Mechanical modeling and analysis of direct wafer bonding technology considering the effect of impurity particles

Direct wafer bonding technology has been widely used in the manufacturing of microelectromechanical systems (MEMS). The chip deflection and strain energy can be used to evaluate the bonding quality. Current research assumes that the wafer surface is perfectly clean and neglects the influence of impurities, lacking an analytical model to characterize the effects of external conditions (normal pressure, planarity deviation, impurity particle counts) on key mechanical variables (wafer deflection and strain energy) during the bonding process.
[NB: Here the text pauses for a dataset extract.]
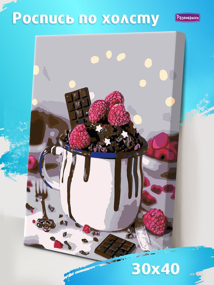 Набор для рисования "Малина в шоколаде", холст 40х30 см, акриловые краски, 2 кисти, Развивашки

In this paper, an analytical method is used to establish a bridge between external conditions and bonding variables. A mechanical model of the adhesive process is established, and the relationship between impurity particle count and strain energy is obtained. By considering the bonding pressure, chip geometry, and impurity particle count, analytical expressions for deflection and strain energy are derived, revealing the influence of external conditions and internal geometry on wafer deflection and strain energy. The results show that under certain pressure, the curvature and thickness of the wafer, as well as the impurity particle count, jointly determine the wafer deflection. The wafer deflection and strain energy exhibit nonlinear variations with changes in particle position. The correctness of the proposed model is verified through finite element simulation. This work provides a reference for judging wafer bonding with impurity particles in industrial applications.